W.3d at ___. But they cannot be taken out of the context in which they were made or the remainder of
Citigroup’s litigation conduct.

     There is no dispute that Citigroup’s actual litigation conduct (as opposed to statements of its
intentions) was limited to jurisdictional transfers, not the merits. The Nickells concede Citigroup never
sent or responded to any written discovery, conducted no depositions, filed no motions (or even an
answer) relating to the merits before seeking arbitration, and engaged in no litigation conduct
whatsoever other than transferring the case to the federal and MDL courts. In these circumstances,
Citigroup’s statements about what discovery might be saved in the MDL court are simply not enough to
show substantial invocation of the judicial process.

     Finally, the Nickells argue their contracts bind them to arbitration with Citigroup’s predecessors but
not Citigroup. But each contract here specifically stated that its provisions “shall inure to the benefit of
Smith Barney’s present organization, and any successor organization or assigns.” Citigroup established
(and the Nickells do not dispute) that it is a successor organization to Smith Barney, and thus fell heir to
the Nickells’ contracts and the arbitration clauses within them.
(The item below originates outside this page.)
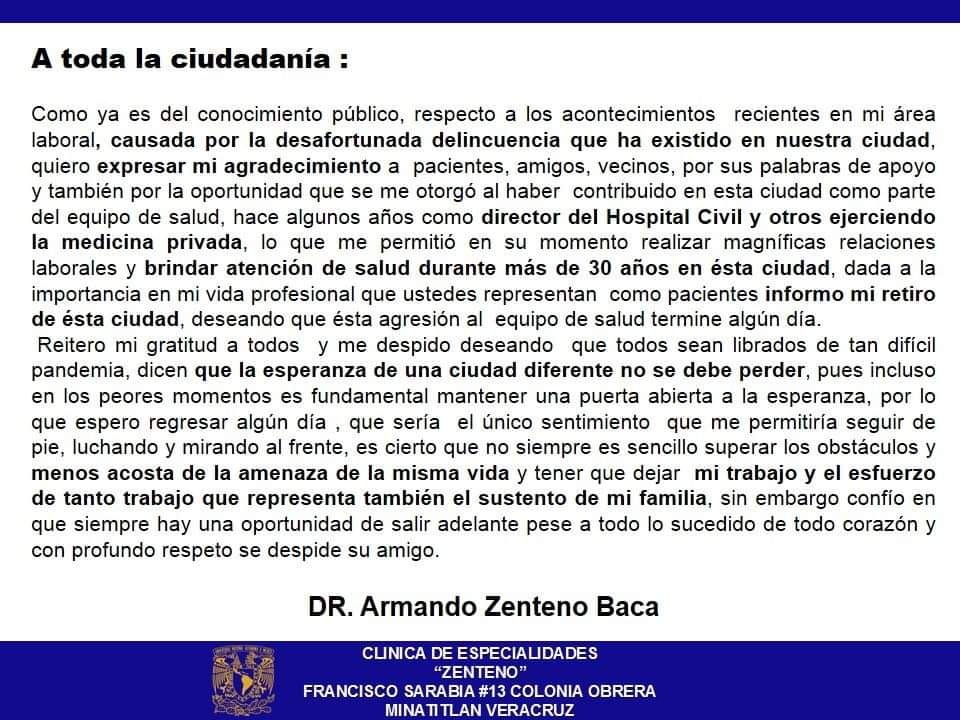 En un comunicado lanzado por la Clínica de Especialidades Zenteno deseó que las agresiones contra los trabajadores de la salud se acaben pronto y así pueda regresar a vivir a Minatitlán.

     Because the Nickells failed to show Citigroup waived its contractual right to arbitration, we
conditionally grant Citigroup’s petition for writ of mandamus without hearing oral argument, see Tex. R.
App. P. 52.8(c), and direct the trial court to compel arbitration. We are confident that the trial court will
promptly comply, and our writ will issue only if it does not.